Roma, 9 giu. (LaPresse) – L’amministratore di una società di Roma, che opera nel settore delle pulizie e nel facchinaggio che ha fra i suoi clienti anche importanti amministrazioni pubbliche dello Stato ed enti locali, aveva omesso di versare all’Erario circa 14 milioni di euro, tra Iva, Ires, Irap e ritenute d’acconto, dovuti in base alle dichiarazioni regolarmente presentate per le annualità dal 2012 al 2014. I finanzieri del Comando Provinciale di Roma non hanno impiegato molto tempo per smascherare l’evasione scoprendo anche che l’uomo aveva escogitato un sistema per abbattere le posizioni debitorie della società verso il Fisco indicando falsamente, nei modelli di versamento F24 delle imposte, crediti Irap ed Iva da compensare, in realtà inesistenti, con importi e codici-tributo completamente inventati.

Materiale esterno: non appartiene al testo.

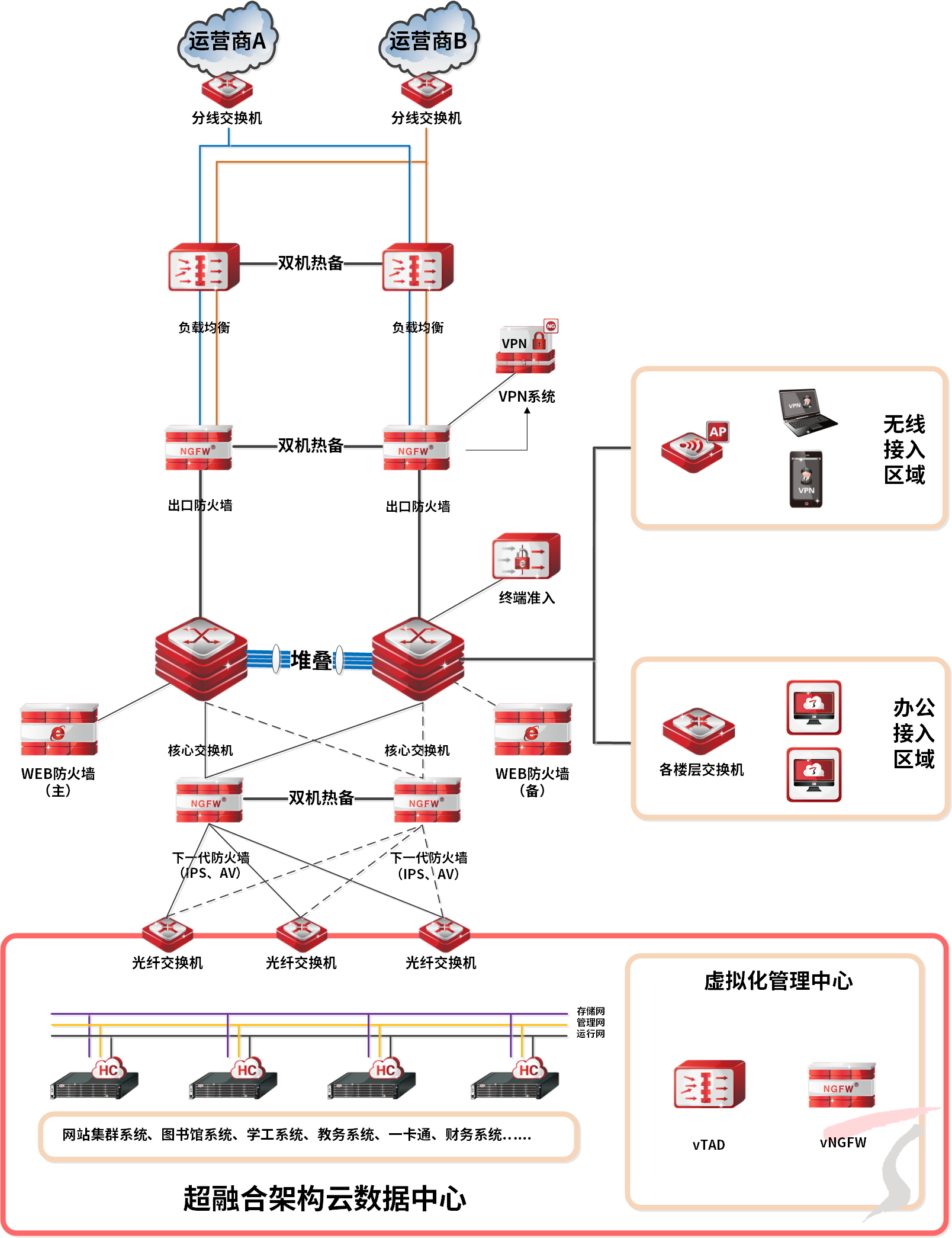 ³¬ÈÚºÏÆ½Ì¨¼Ü¹¹ÍøÂç²ãÉè¼ÆÎªÓªÒµÍø¡¢´æ´¢ÍøºÍ¹ÜÀíÍø£¬£¬£¬£¬ £¬£¬£¬£¬ÈýÕÅÍøÂçÆ½Ãæ¸÷˾ÆäÖ°»¥²»×ÌÈÅ£¬£¬£¬£¬ £¬£¬£¬£¬ÈκÎÒ»ÕÅÍø¹ÊÕϲ»Ó°ÏìÆäËûÍøÂçÊÂÇ飻£»£»£»£»£» £»³ý¼Ü¹¹Éè¼ÆÉϸôÀëÍ⣬£¬£¬£¬ £¬£¬£¬£¬Ã¿ÕÅÍø½ÓÄÉÁ½¸öÎïÀíÍø¿ÚÒԾۺϵķ½·¨ÊµÏָ߿ɿ¿Éè¼Æ£¬£¬£¬£¬ £¬£¬£¬£¬ÔÚ·ºÆðÄ£¿ £¿£¿£¿£¿éËɶ¯¡¢ÍøÏß¹ÊÕϵÈÇéÐÎÏ£¬£¬£¬£¬ £¬£¬£¬£¬ÓªÒµÈÔÒ»Á¬ÎȹÌÔËÐС£¡£¡£¡£¡£¡£

L’uomo è stato denunciato dalle Fiamme Gialle della Compagnia di Fiumicino alla Procura della Repubblica di Roma che, grazie agli elementi raccolti dai militari, ha chiesto e ottenuto dal giudice delle indagini preliminari il sequestro preventivo di quote societarie, conti correnti e beni immobili per un valore di circa 10 milioni di euro. Il sequestro ha riguardato Roma, Palestrina, Cave e Terracina, in cui sono ubicati i 21 immobili riconducibili all’uomo, alcuni dei quali di pregio, 16 rapporti finanziari presso 7 istituti di credito, per un valore di circa 1,8 milioni di euro.